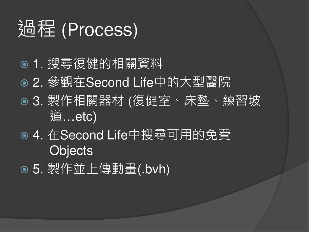 過程 (Process) • 1. 搜尋復健的相關資料 • 2. 參觀在Second Life中的大型醫院 • 3. 製作相關器材 (復健室、床墊、練習坡道…etc) • 4. 在Second Life中搜尋可用的免費 Objects • 5. 製作並上傳動畫(.bvh)
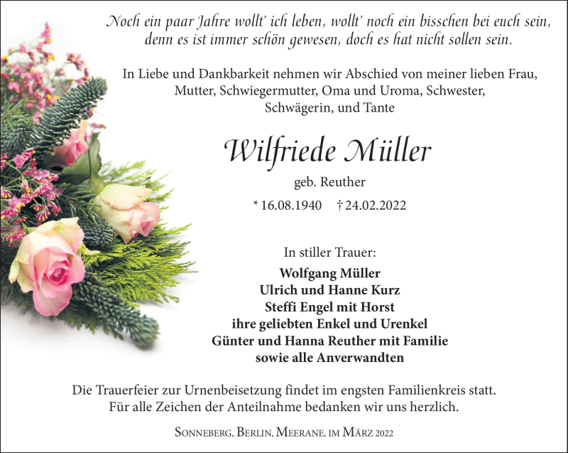 Hier finden Sie alle Traueranzeigen aus der Zeitung, die bisher für Wilfriede Müller erschienen sind. Weitere Traueranzeigen, die in der Zeitung erscheinen, werden hier ebenfalls aufgelistet
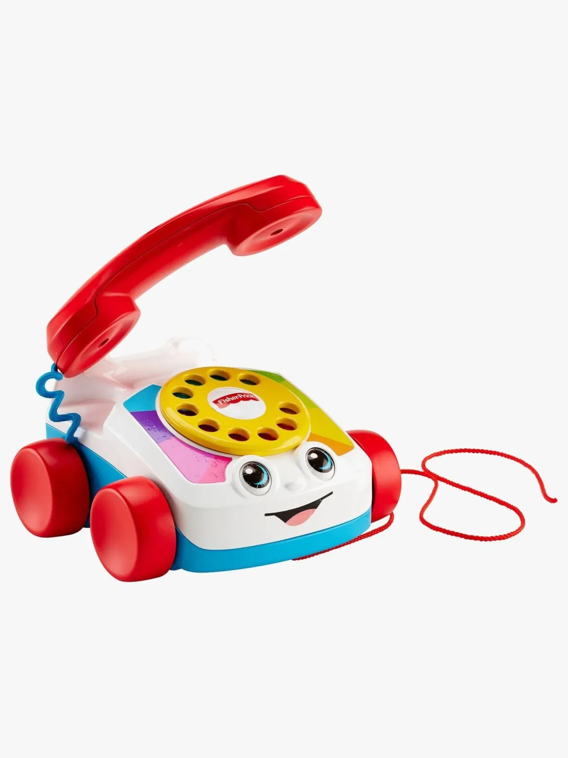 En sjov legetøjstelefon med lydfunktioner fra Fisher-Price. Denne søde telefon har et klassisk telefonrør, en drejeskive, fire hjul og en snor til at trække den i. Dit barn kan trække telefonen efter sig, og lade som om at det ringer til sine venner.
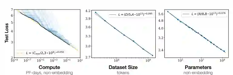 模型性能依赖于规模,它由三个因素组成:模型参数N的数量(不包括嵌入),数据集D的大小以及训练所用计算资源C。
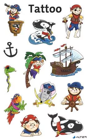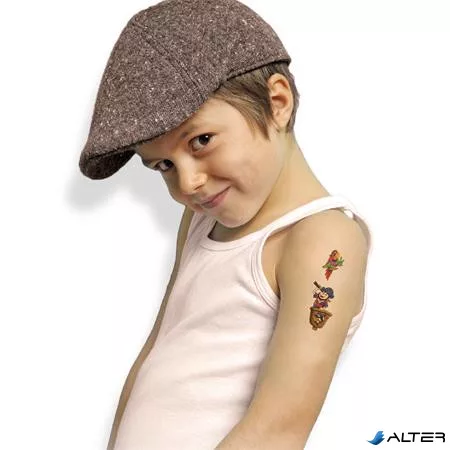 Kalóz tetoválás kis kalózoknak! Lepje meg gyermekeit nagyszerű tetoválásokkal, gyermekei imádni fogják a vicces kalóz tetoválást. Tökéletes ajándék, vagy apró meglepetés, amivel hazaérkezik, születésnapi partikra vagy egyszerűen arra, hogy a gyerekek játszanak.
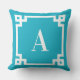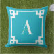 Caraibes azur et décoratif blanc de style grec de style carré frontière avec un monogramme serif moderne. Customisez ce design contemporain en choisissant votre combinaison de couleurs préférée. Modifiez le style, la taille ou la couleur de la police selon vos besoins. Associez cette teinte de bleu à votre décor de maison. Transférer cette conception ? Vérifiez la catégorie Greek Key dans mon magasin pour les autres formes et tailles d'oreillers... ainsi que d'autres cadeaux de décoration maison.

———

### YOUR TASK:
Could you retype every line above exactly as it appears, skipping the pictures?

### TASK OUTPUT:
 過程 (Process) • 1. 搜尋復健的相關資料 • 2. 參觀在Second Life中的大型醫院 • 3. 製作相關器材 (復健室、床墊、練習坡道…etc) • 4. 在Second Life中搜尋可用的免費 Objects • 5. 製作並上傳動畫(.bvh)
 Hier finden Sie alle Traueranzeigen aus der Zeitung, die bisher für Wilfriede Müller erschienen sind. Weitere Traueranzeigen, die in der Zeitung erscheinen, werden hier ebenfalls aufgelistet
 En sjov legetøjstelefon med lydfunktioner fra Fisher-Price. Denne søde telefon har et klassisk telefonrør, en drejeskive, fire hjul og en snor til at trække den i. Dit barn kan trække telefonen efter sig, og lade som om at det ringer til sine venner.
 模型性能依赖于规模,它由三个因素组成:模型参数N的数量(不包括嵌入),数据集D的大小以及训练所用计算资源C。
 Kalóz tetoválás kis kalózoknak! Lepje meg gyermekeit nagyszerű tetoválásokkal, gyermekei imádni fogják a vicces kalóz tetoválást. Tökéletes ajándék, vagy apró meglepetés, amivel hazaérkezik, születésnapi partikra vagy egyszerűen arra, hogy a gyerekek játszanak.
 Caraibes azur et décoratif blanc de style grec de style carré frontière avec un monogramme serif moderne. Customisez ce design contemporain en choisissant votre combinaison de couleurs préférée. Modifiez le style, la taille ou la couleur de la police selon vos besoins. Associez cette teinte de bleu à votre décor de maison. Transférer cette conception ? Vérifiez la catégorie Greek Key dans mon magasin pour les autres formes et tailles d'oreillers... ainsi que d'autres cadeaux de décoration maison.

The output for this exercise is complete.